6. The plating method according to claim 5, wherein a bubble-vent
hole is provided in the plating tank and plating treatment is
performed through rotating the plating tank so that bubbles in the
plating solution ascend and gather in the bubble-vent hole.
7. The plating method according to claim 5 or 6, wherein plating
treatment is performed while forcedly stirring the plating solution
supplied to the plating tank through using stirring means provided
in the plating tank.
Description
BACKGROUND OF THE INVENTION
[0001] 1. Field of the Invention
[0002] The present invention relates to a plating treatment
technique for performing plating while removing bubbles present in
a plating solution and, more particularly, to a plating apparatus
and a plating method which are suitable for an article to be plated
whose plating property is greatly affected when bubbles in a
plating solution adhere to the surface of the article.
[0003] 2. Description of the Related Art
[0004] Wet plating treatment has thitherto been adopted in various
kinds of plated articles. In wet plating treatment, it is necessary
only that the basic construction be such that an article to be
plated is brought into contact with a plating solution and a
plating current is given. Therefore, wet plating treatment is used
in a huge variety of articles to be plated and various
configurations of apparatus for wet plating have been proposed.
[0005] Wet plating apparatuses are broadly divided into the
following two types. One is called "the immersion type" and plating
treatment is performed by immersing an article to be plated in a
plating solution. The other is "the contact type," in which an
article to be plated is not immersed in a plating solution and
instead only a surface requiring plating treatment is brought into
contact with a plating solution in order to ensure that only the
surface in contact with the plating solution is subjected to
plating treatment.
[0006] Apparatuses of these two types of "the immersion type" and
"the contact type" have their advantages and disadvantages.
Therefore, an optimum type of plating apparatus is selected in
consideration of various conditions, such as the shape and kind of
an article to be plated, the surface of an article to be plated
which is subjected to plating treatment, and the type of plating
solution.
[0007] For example, in the case of a plate-like article to be
plated such as a semiconductor wafer and a printed circuit board, a
plating apparatus of "the contact type" may sometimes be adopted in
consideration of the fact that only one surface is subjected to
plating treatment and that automatic plating treatment is performed
by continuously replacing articles of the same size to be plated.
This is because this plating apparatus of "the contact type"

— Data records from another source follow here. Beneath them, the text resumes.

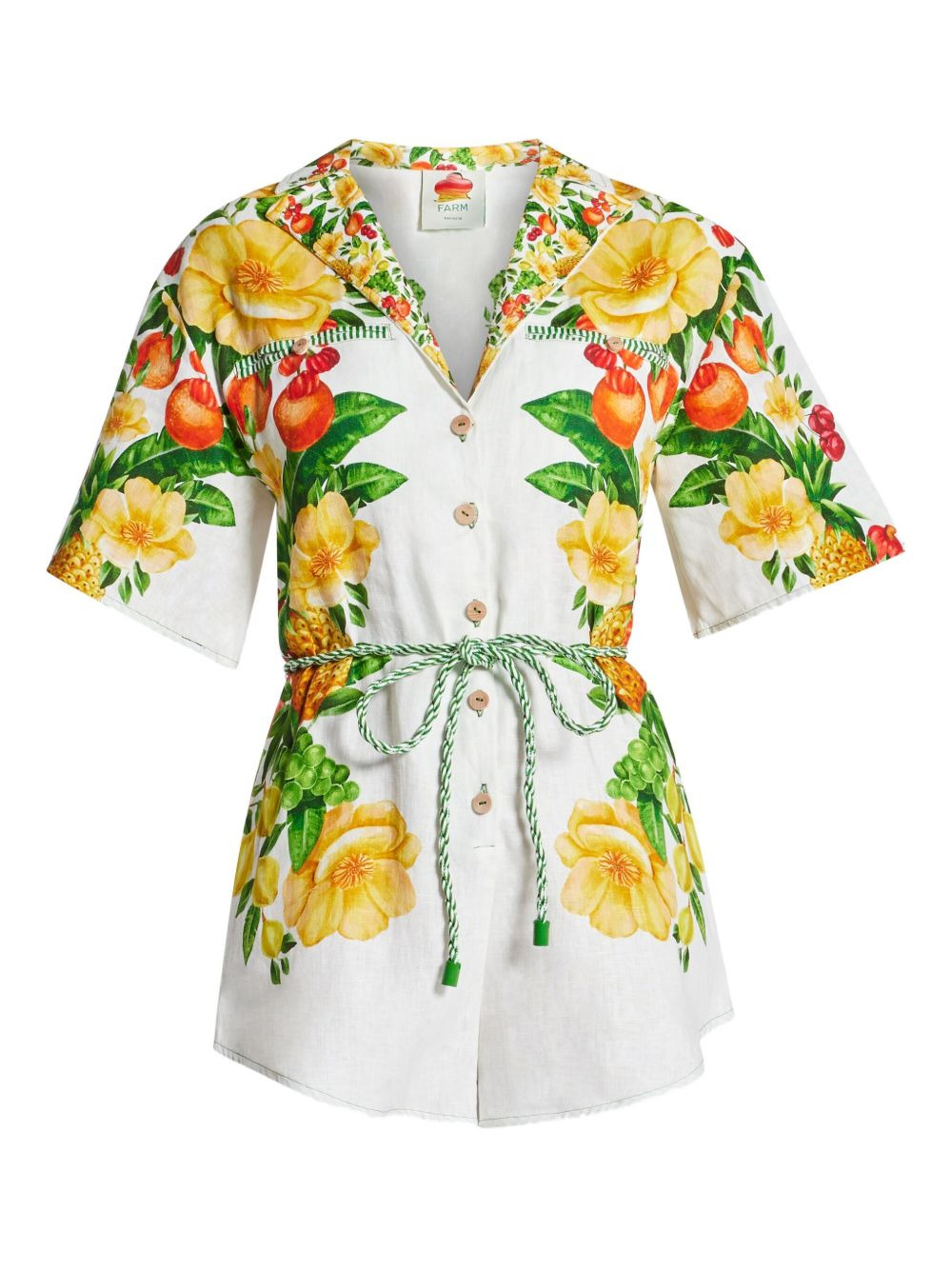 floral-print belted jumpsuit Highlights Imported Composition Linen/Flax 100%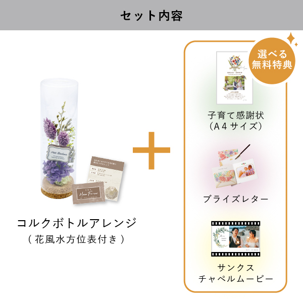 | 無料特典 | ブライズレター1セット(レターケース、専用レター5枚)、子育て感謝状(A4サイズ)(※フレームは付きません。)、サンクスチャペルムービーの中から1つお選びいただけます。 |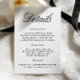 Provide guests with all the essential information in style with this elegant wedding details card. Use it to share travel directions, hotel accommodations, RSVP instructions, or your wedding website link. Fully customisable. Coordinates with the matching “Sabrina” —follow the link on this page to view matching signage, menus, invitations, and more. • Mockups for this design were created using Midjourney AI.

permits easy replacement of articles to be plated and is suitable
for a case where the surface of a plate-like article to be plated
is only one surface.
[0008] In this plating apparatus of "the contact type," it is
necessary only that the construction be such that the target
plating surface of an article to be plated can be brought into
contact with a plating solution. For this reason, there are two
types of this plating apparatus. In one type, an article to be
plated is placed on a top opening of a plating tank with the target
plating surface kept facing downward and plating treatment is
performed by supplying a plating solution to the interior of the
plating tank. This type can be called "the top placement type." In
the other type, an article to be plated is arranged at the bottom
of a plating tank with the target plating surface kept facing
upward and plating treatment is performed by supplying a plating
solution to the top of the article to be plated. The latter type
can be called "the bottom arrangement type."
[0009] In the "top placement type," it is necessary only that an
article to be plated be placed on a top opening of a plating tank.

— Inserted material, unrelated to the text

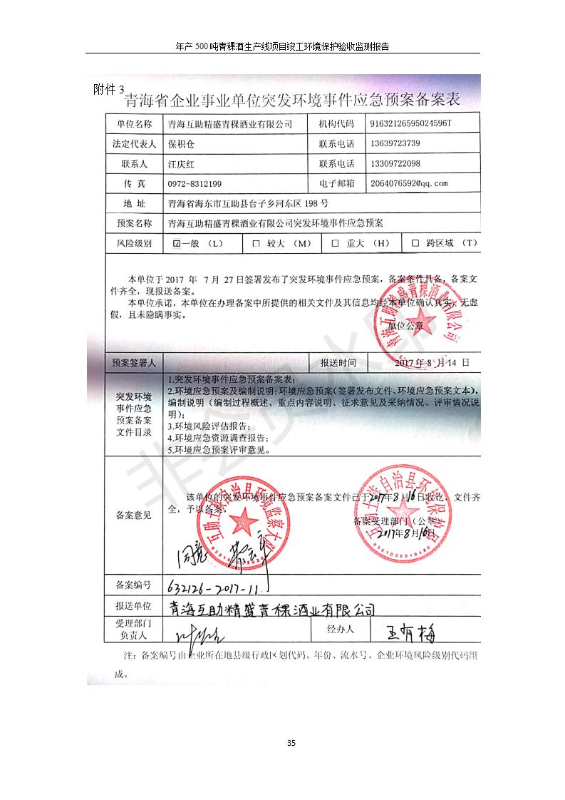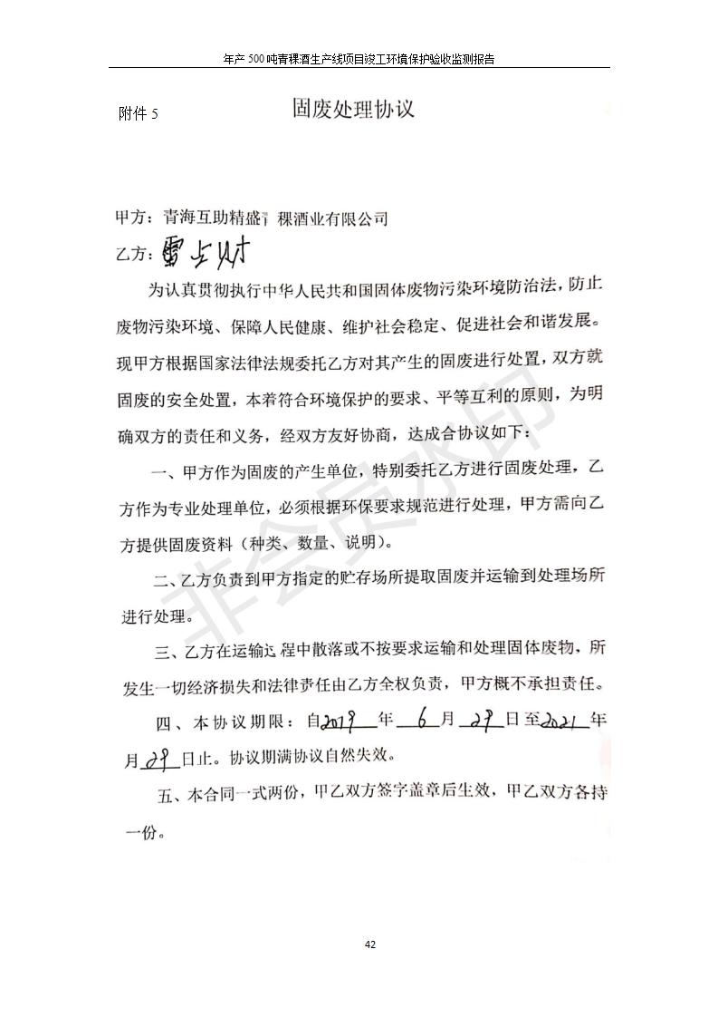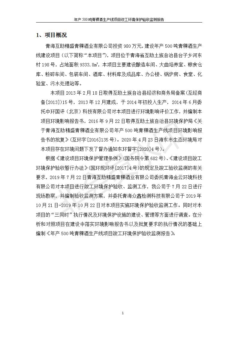 青海互助精盛青稞酒業(yè)有限公司年產(chǎn)500噸青稞酒業(yè)生產(chǎn)線建設項目竣工環(huán)境保護驗收監(jiān)測報告表公示發(fā)布日期:(2020-4-27) 點擊次數(shù):2455 |

Therefore, the replacement of articles to be plated is very easy
and hence suitable for the automation of plating treatment. The
"top placement type" is frequently adopted in mass plating
treatment of plate-like articles to be plated, such as wafers. In
this "top placement type," however, a plating solution is present
below an article to be plated. Therefore, this inevitably leads to
the occurrence of the phenomenon that bubbles in the plating
solution, i.e., bubbles of air generated from an anode during
plating treatment, bubbles of air entrapped in the plating
solution, etc. ascend toward the target plating surface. For this
reason, measures to remove bubbles are required in order to perform
uniform plating treatment.
[0010] On the other hand, in the case of "the bottom arrangement
type," a plating solution is present above an article to be plated.
Therefore, bubbles in the plating solution has no effect on the
article to be plated and, therefore, uniform plating treatment is
possible without measures to remove bubbles. However, in this
plating apparatus of "the bottom arrangement type," the target
plating surface of an article to be plated faces upward. Therefore,
even after removal of the plating solution, a large amount of
plating solution adheres to the surface and hence plating solution
removal work becomes necessary after plating treatment.

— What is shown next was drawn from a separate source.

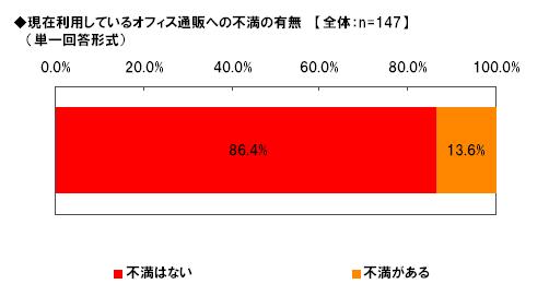 オフィス通販利用者に対し、オフィス通販への不満があるかどうかを尋ねたところ(単一回答形式)、86.4%が「不満はない」と回答し、「不満がある」と回答したのは13.6%にとどまりました。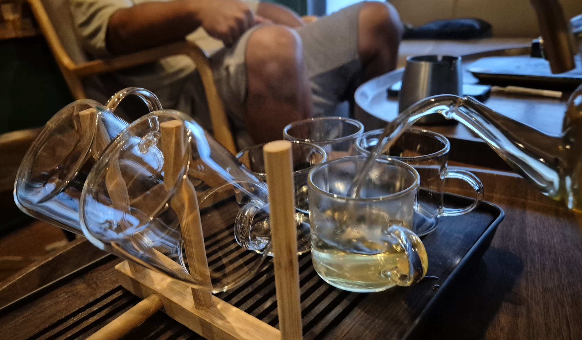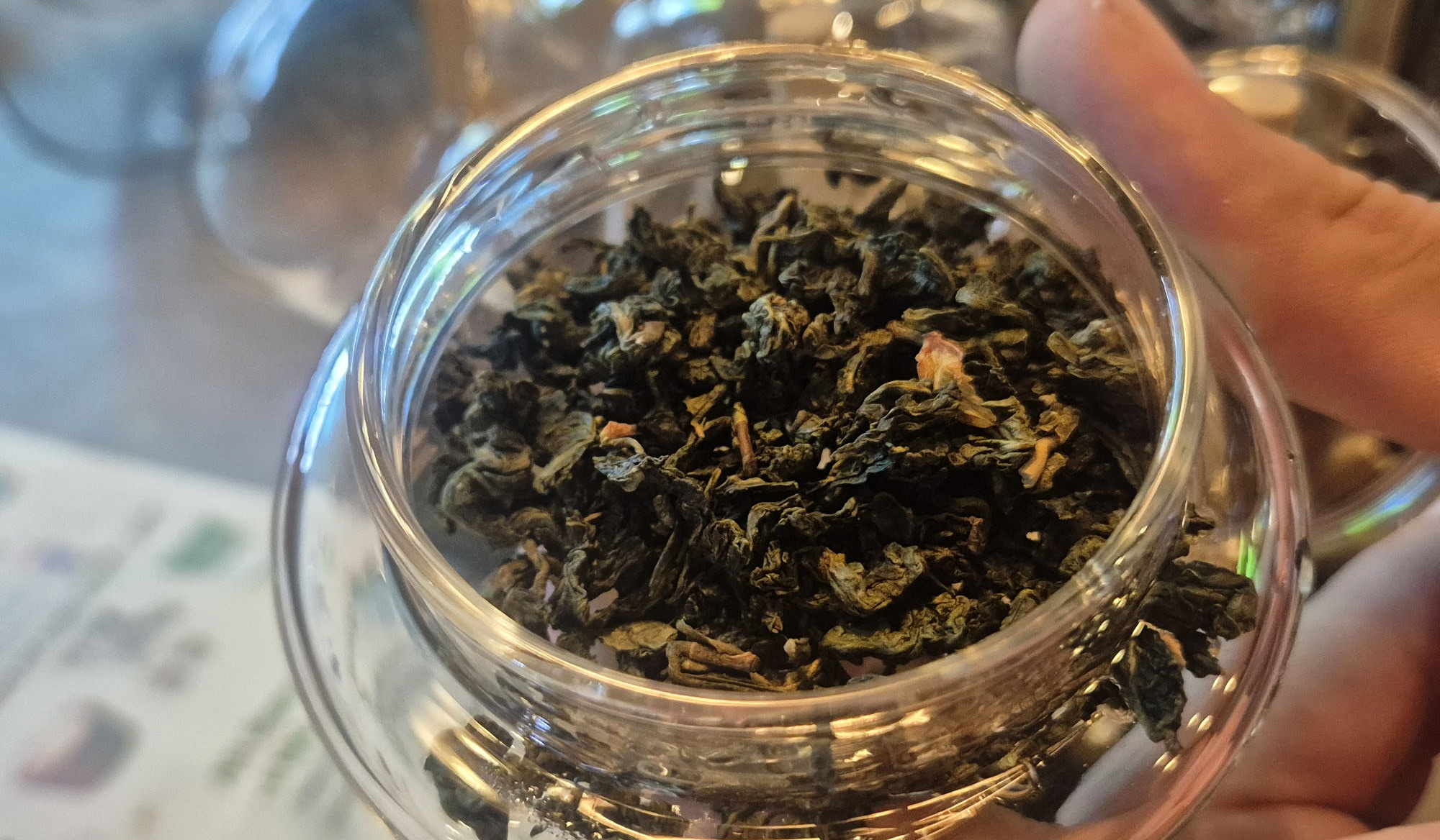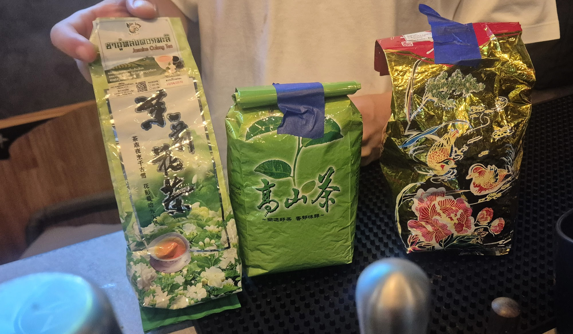 今回は「ジャスミン茶(茉莉花茶 / Jasmine Chiang Tea)」をオーダーしました。このジャスミン茶)はタイ北部・チェンライ県の山岳地帯(ドイメーサロン周辺)で作られたジャスミン烏龍茶で、ドイメーサロンは中国系コミュニティが多く、本場の製茶技術を持つ職人が多いことで知られ、台湾烏龍に近い品質の香り高い茶葉が特徴です。

Furthermore, replacement of articles to be plated cannot be easily
carried out in comparison with "top placement type."
[0011] Thus, the conventional wet plating apparatuses of "the
contact type" had problems in the removal of bubbles from a plating
solution, the removal of an adhering plating solution, the
replacement of articles to be plated, etc. and could not be said to
be wholly satisfactory as plating apparatuses that can
simultaneously meet the requirements for uniform plating treatment
and easy plating treatment.
SUMMARY OF THE INVENTION
[0012] Accordingly, it is the object of the invention to provide a
plating treatment technique which permits uniform plating treatment
and easy replacement of articles to be plated without the effect of
bubbles in a plating solution by improving wet plating apparatuses
differentiated as "the contact type" to thereby solve problems such
as the removal of bubbles in a plating solution and the removal of
an adhering plating solution.
[0013] In order to solve the above-described problems, in the
invention there is provided a plating apparatus having a plating
tank, which comprises: an opening which has a solution seal to
prevent a plating solution from leaking when an article to be
plated is placed; a solution-supply portion which supplies the
plating solution; a solution-discharge portion which discharges the
plating solution; and an anode which is opposed to the article to
be plated that is placed, wherein the plating tank has rotational
means for rotating the plating tank itself.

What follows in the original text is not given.